§ **ASSIGNMENT**:
Write out the listing exactly, from its first line through the line holding "Back the net", but include none of the pictures.

--- PROVIDED DATA ---

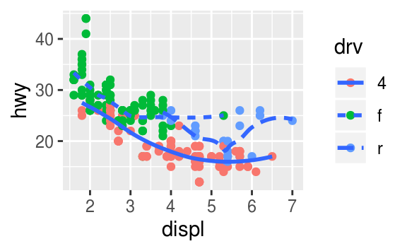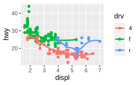 ggplot(data = mpg, mapping = aes(x = displ, y = hwy, color = drv)) + geom_point() + geom_smooth(se = FALSE) What does
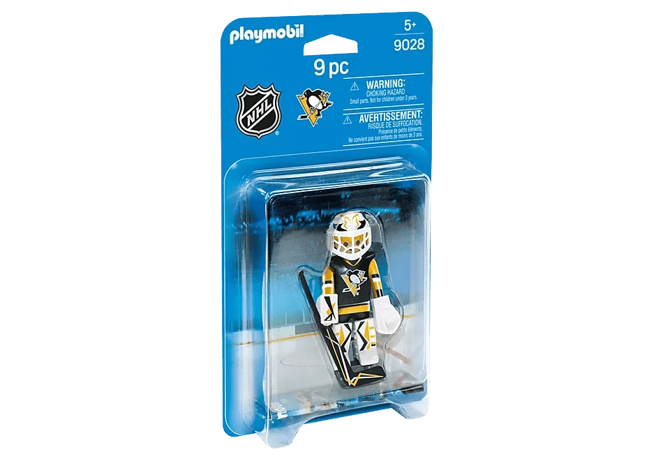 Back the net with the NHL™ Pittsburgh Penguins™ Goalie. Set includes 1 Pittsburgh goalie, 1 stick, 1 puck, helmet with visor, goalkeeper glove, and 1 arm cuff.
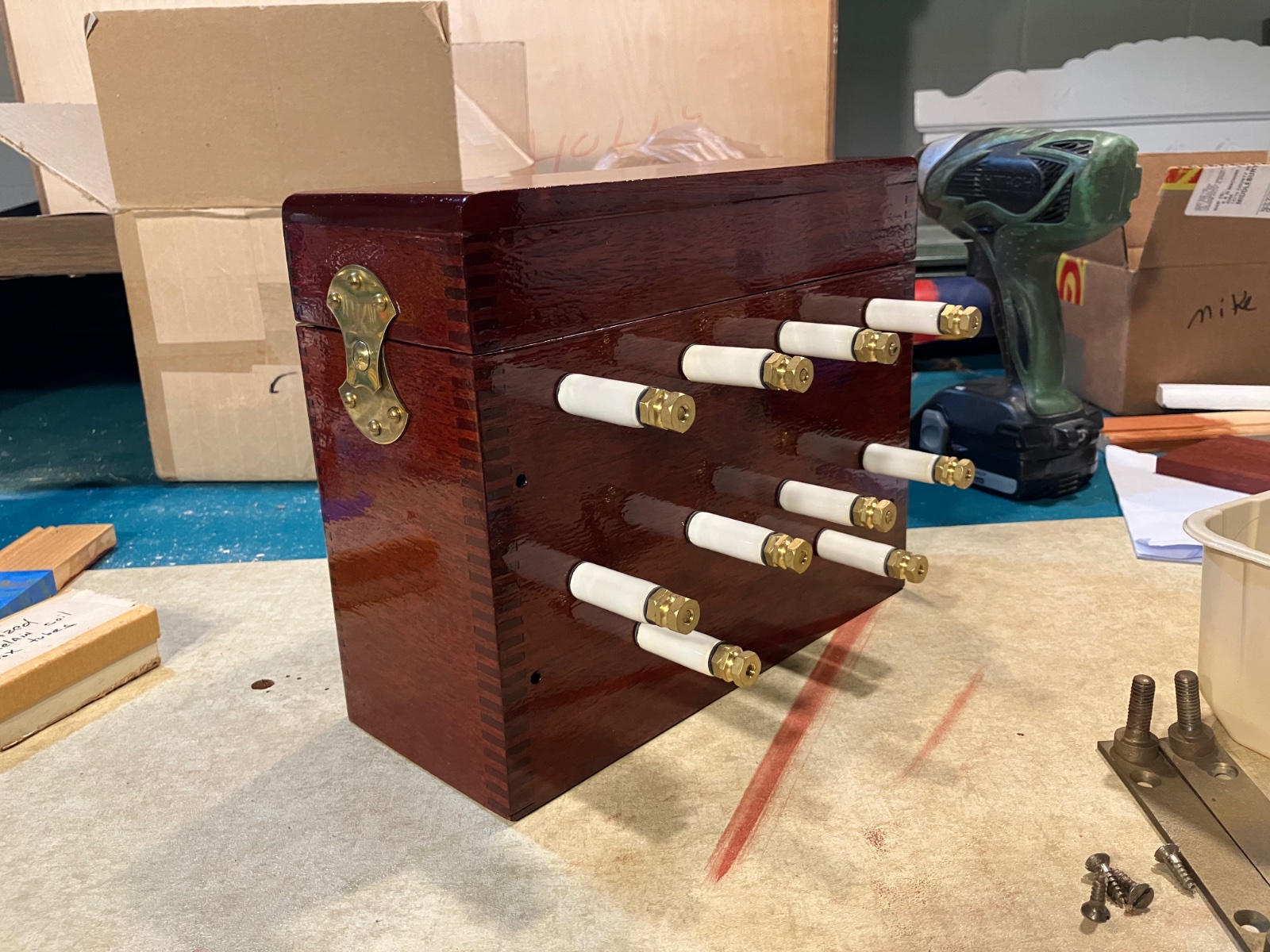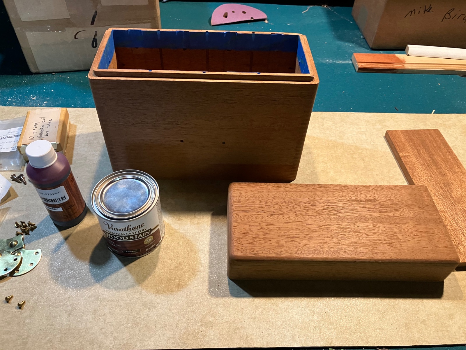 Thought I would share some pictures of the coil box that will be going on the Delivery car. I opted for a Kingston repo box that takes the later coils. I used the LMF Cherry stain and a Cognac to darken it up and give it a little more color. I finished it with 5 coats of Helmsman clear gloss

---

§ **OUTPUT BELOW**:
 ggplot(data = mpg, mapping = aes(x = displ, y = hwy, color = drv)) + geom_point() + geom_smooth(se = FALSE) What does
 Back the net with the NHL™ Pittsburgh Penguins™ Goalie. Set includes 1 Pittsburgh goalie, 1 stick, 1 puck, helmet with visor, goalkeeper glove, and 1 arm cuff.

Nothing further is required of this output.